Don’t get me wrong. I know that it’s somewhat common knowledge to many people that Google search results or the ads that are intermingled with the results can often lead to malware or phishing sites. This has been a de-facto threat vector for anyone surfing the internet for the past two decades.
This way of delivering malware is often referred to as “SEO poisoning” or “SERP poisoning,” where SEO stands for search engine optimization and SERP stands for search engine results page.
Over the years, several cybercrime operations have made SEO/SERP poisoning their preferred way of delivering their malware. Typically, it would be the gangs specialized in cryptomining which often preferred this method, usually by hiding their payloads in pirated software or software license cracks.
SERP/SEO poisoning was happening, but it wasn’t everyone’s go-to method for their operations. That honor has always gone to email-based delivery channels. Spear-phishing, mass-phishing, and malspam have dominated infosec reports over the past decade, and for good reasons. Email security standards sucked, email security solutions were simplistic, and email spam delivery was cheap.
But that tide is slowly shifting, and since late 2021, a trend has been emerging in the cybercrime ecosystem, with many operations dipping their toes back into SEO/SERP poisoning as a distribution tactic, either a replacement or a companion for classic email channels.
Throughout 2022 and early 2023, we’ve had Gootkit/Gootloader, IcedID, BatLoader, PrivateLoader, NullMixer, FakeCrack, RedLine Stealer, Rhadamanthys Stealer, Vidar Stealer, Yellow Cockatoo, VagusRAT, MasquerAds, and loads loads more testing or fully embracing SEO/SERP poisoning for their operations.
More on this from Patrick Schläpfer, a malware analyst at HP Wolf Security, who will also have a report out on Wednesday on another new SEO/SERP poisoning, this time distributing the Vidar Stealer via websites mimicking Audacity, Microsoft Teams, Discord, and Adobe, all promoted through Google ads.
“Since November 2022, we’ve seen a surge of malware distributed through malicious search engine adverts, rather than traditional spam, with multiple threat actors currently using this technique. Attackers are imitating the websites of popular software projects to trick victims into infecting their computers and buying search engine adverts to drive traffic there. The fake domains closely resemble the legitimate ones, making it difficult to recognize the adverts as malicious. For example, we found 92 domains typosquatting popular software products likely used to distribute IcedID, suggesting a growing focus on this delivery mechanism among threat actors.”
The sudden rise in SEO/SERP poisoning attacks also caught the eye of the FBI’s IC3 division, which put out an alert [PDF] trying to warn consumers of the rising threat.
There are many reasons why SEO/SERP is back. Many have been discussed in this thread.
Yes, email security products are much more advanced now. Yes, running an SEO/SERP poisoning campaign is much cheaper than renting a spam botnet and expensive coders to make sure your malspam dodges email filters. Yes, online advertising companies (including Google itself) have fewer security checks to pass than a properly configured modern email security gateway. Yes, the proliferation of ad-blocking technologies has forced many ad companies to lower their standards and close their eyes to obvious malicious behavior. Yes, online ads can be used to target only a particular set of users with your malware, something that email was never accurate at.

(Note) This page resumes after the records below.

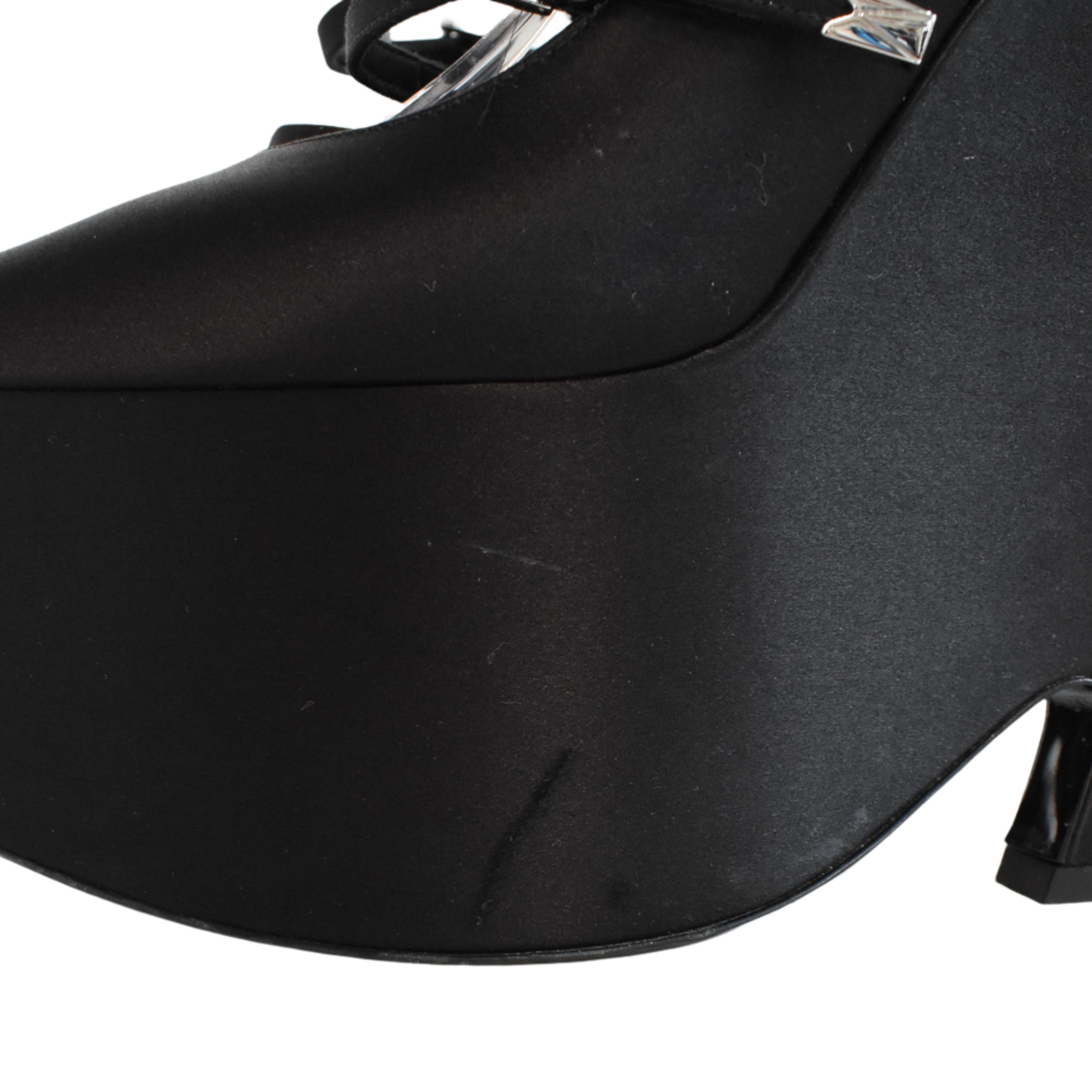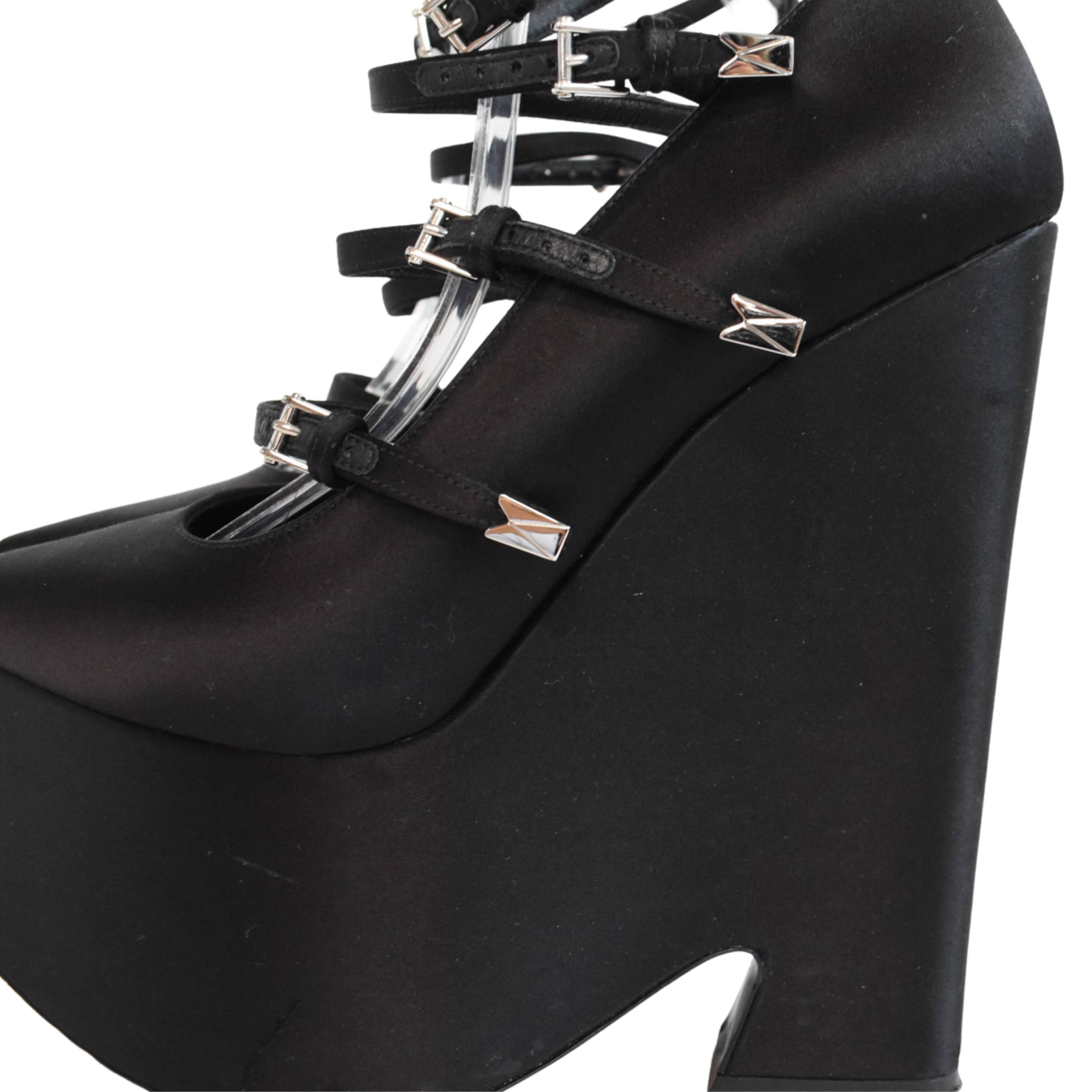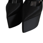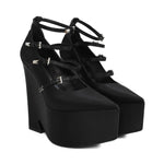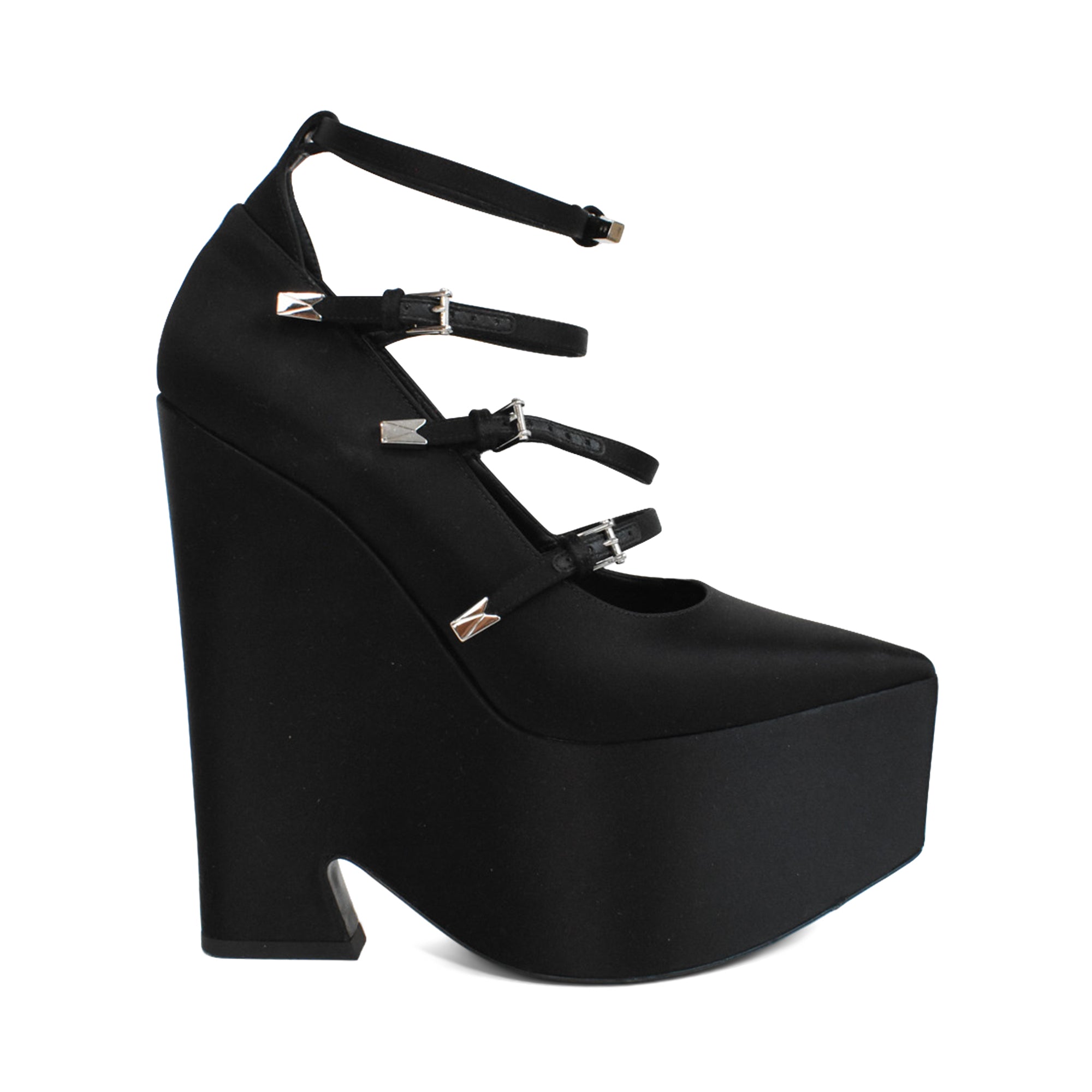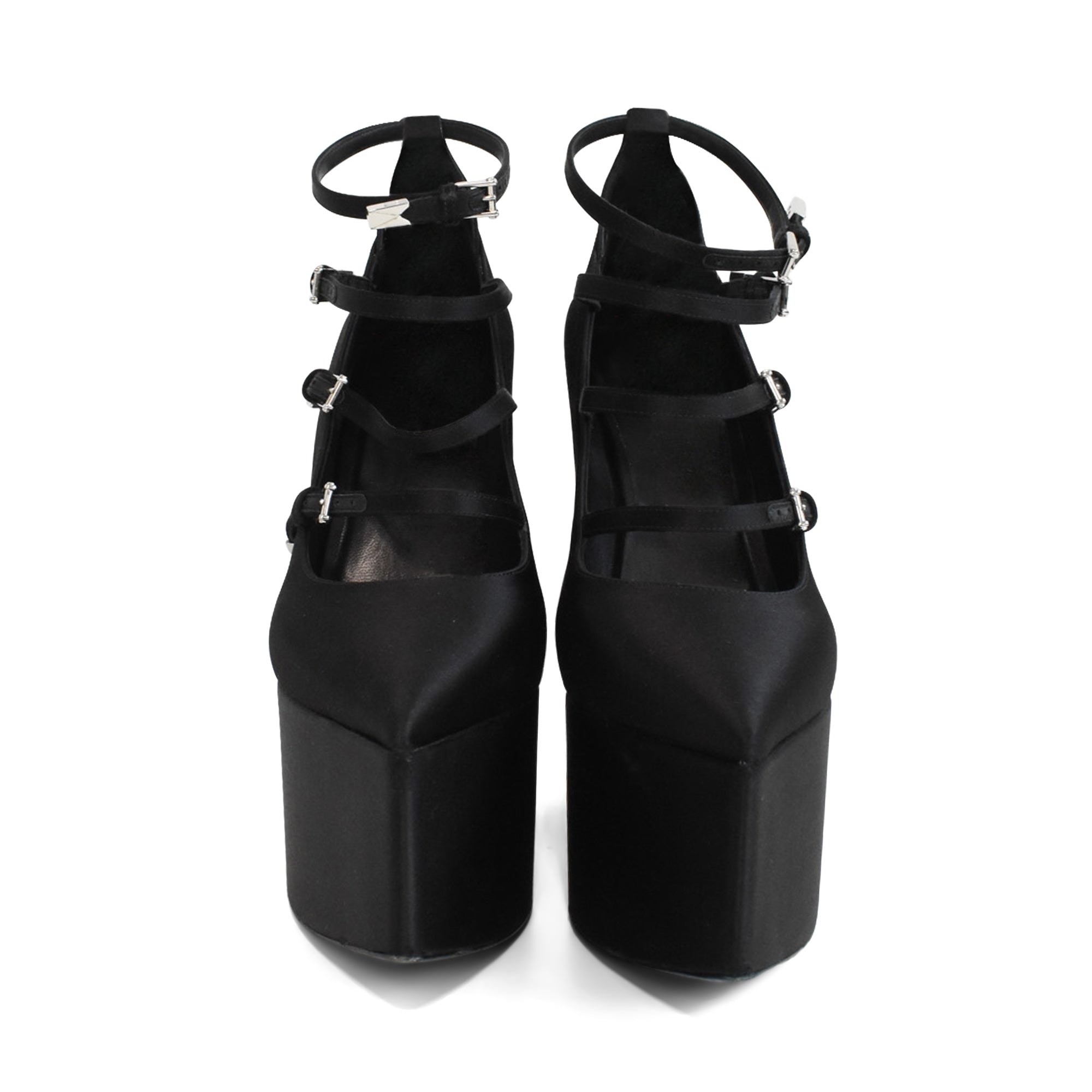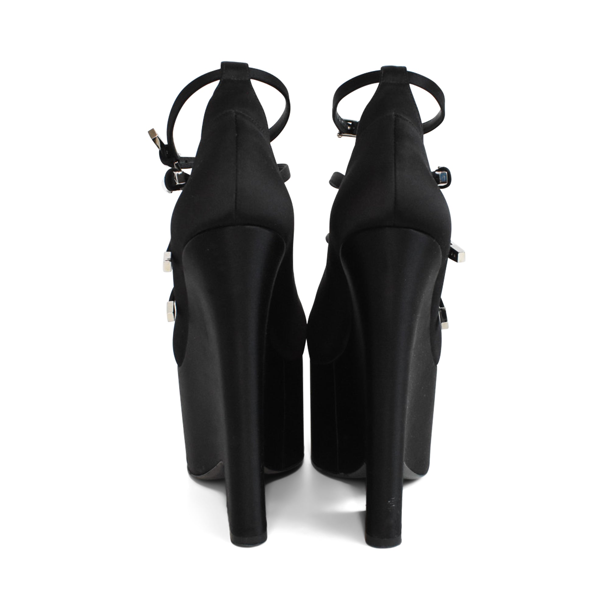 Versace 'Tempest' platform heels in black satin with 4 straps with silver buckle hardware, a wedge heel, and a pointed toe.
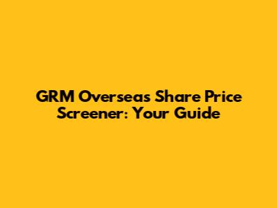 GRM Overseas Share Price Screener: Your Guide
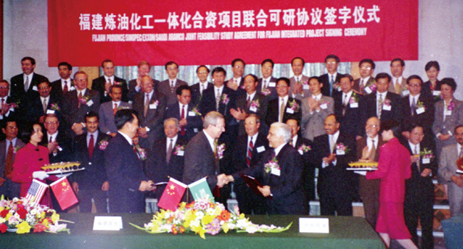 1997年10月13日,福建煉油化工一體化合資項目聯合可研協議在北京人民大會堂簽字。
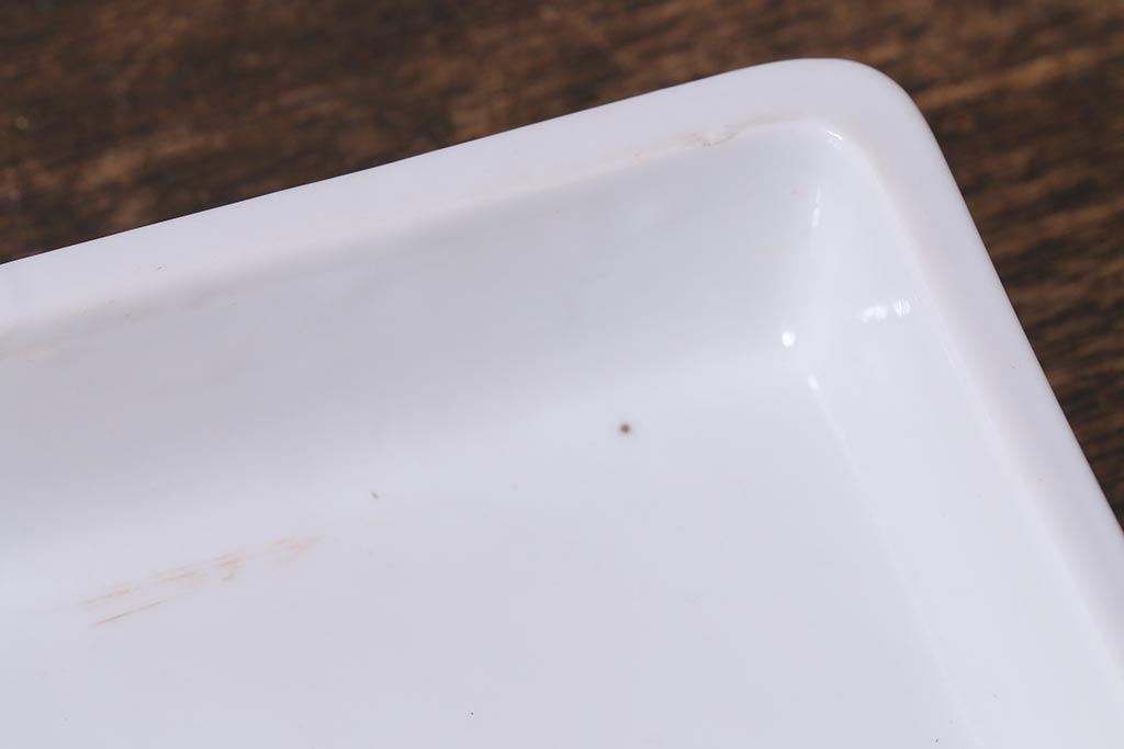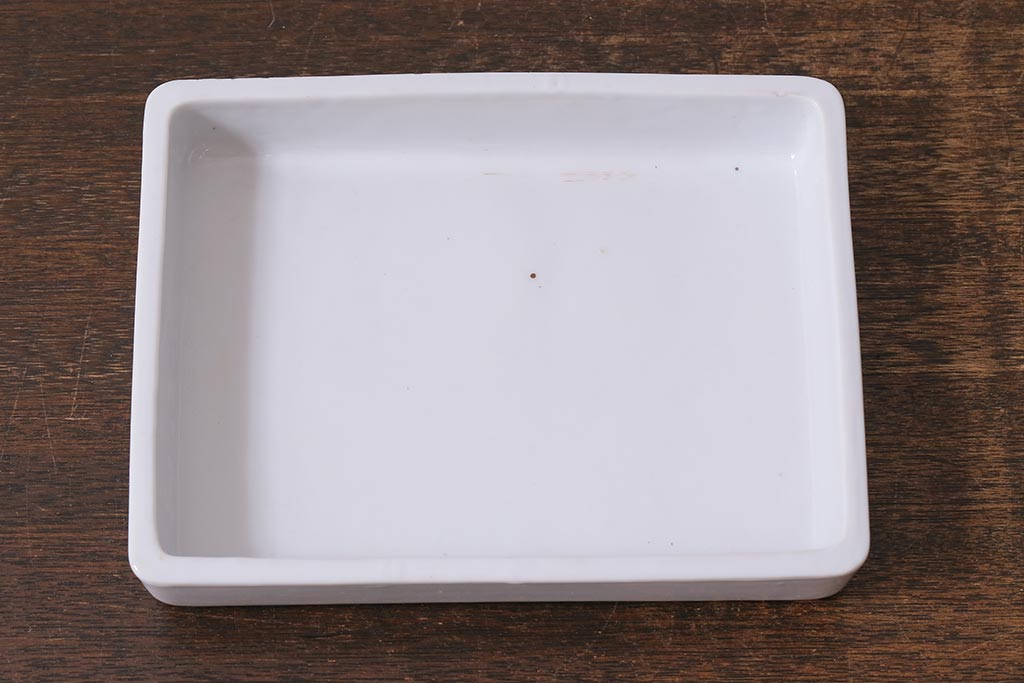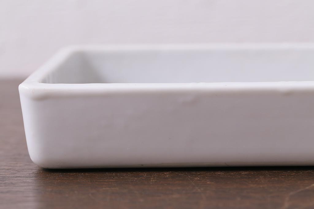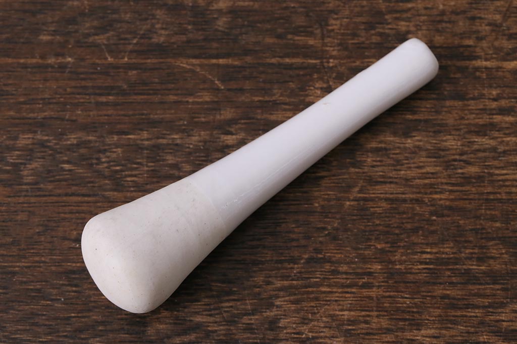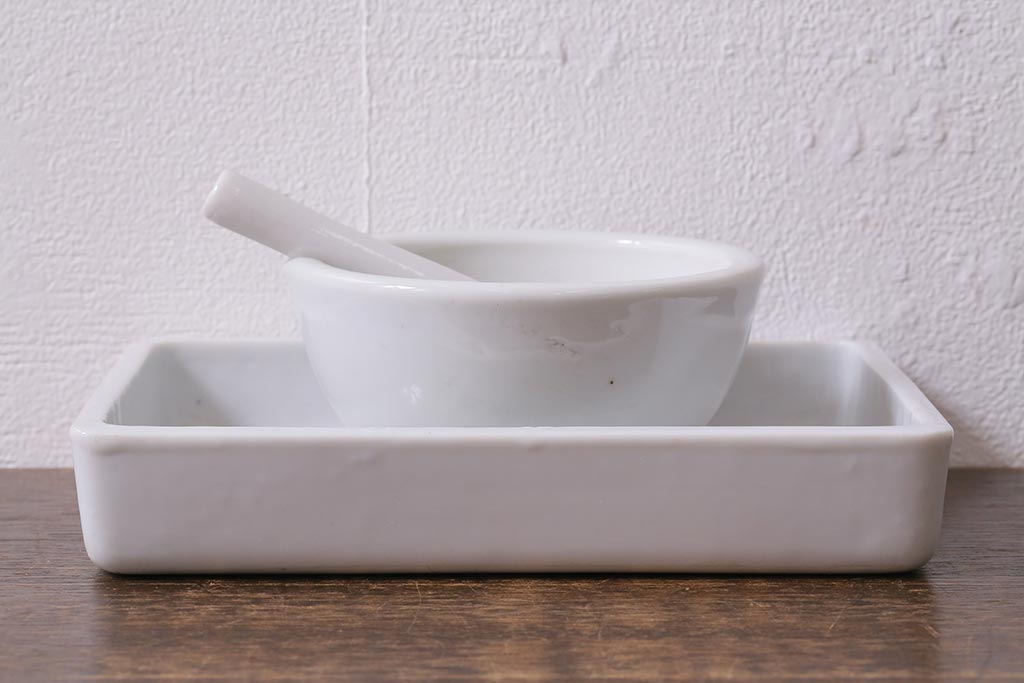 アンティーク雑貨 昭和初期 角皿付きの古い乳鉢(乳棒付き)(R-040849)
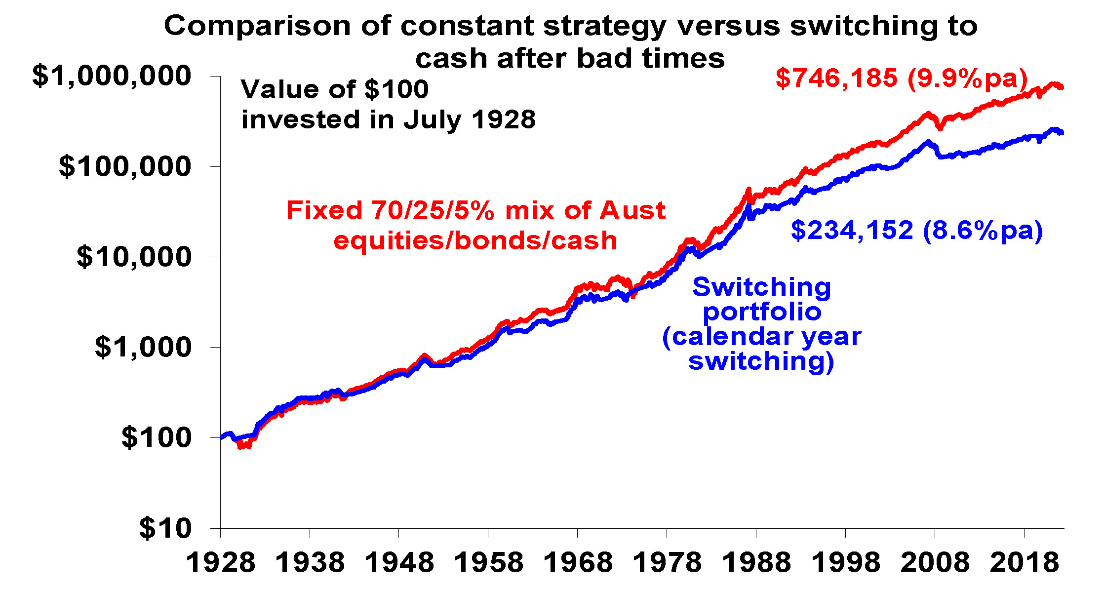 Over the long run the switching portfolio produces an average return of 8.6% pa versus 9.9%pa for the balanced mix. From a $100 investment in 1928 the switching portfolio would have grown to $234,152 by September but the constant mix would have increased to $746,185.
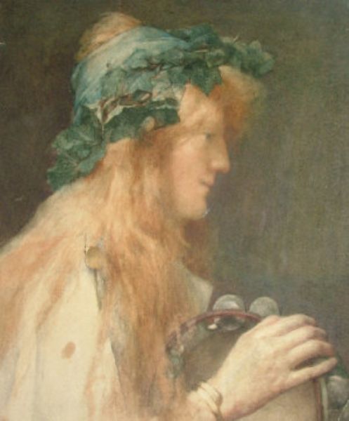 | Portrait of a lady quarter-length turned to the right in profile with an ivy garland in her hair holding a tambourine | |
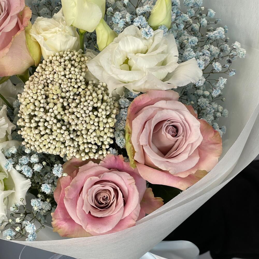Гипсофила – 1 шт.Лента – 2 шт.Лизиантус – 2 шт.Озотамнус – 1 шт.Роза – 3 шт.Упаковка – 1 шт.

These operations are back in bulk. If you’re a malware researcher, it’s hard not to see an obvious shift in malware distribution trends these days.
Primarily because of its dominance in both online search and ads, Google hosts most of these campaigns.
The most annoying part of all of this is that Google’s support and security teams appear to have been caught on the back foot and are completely unprepared for what’s currently going on. Both security researchers and companies who had their brands abused say they’ve found it difficult to get Google to act and remove the malicious content from search results, a situation that invites more abuse for the foreseeable future.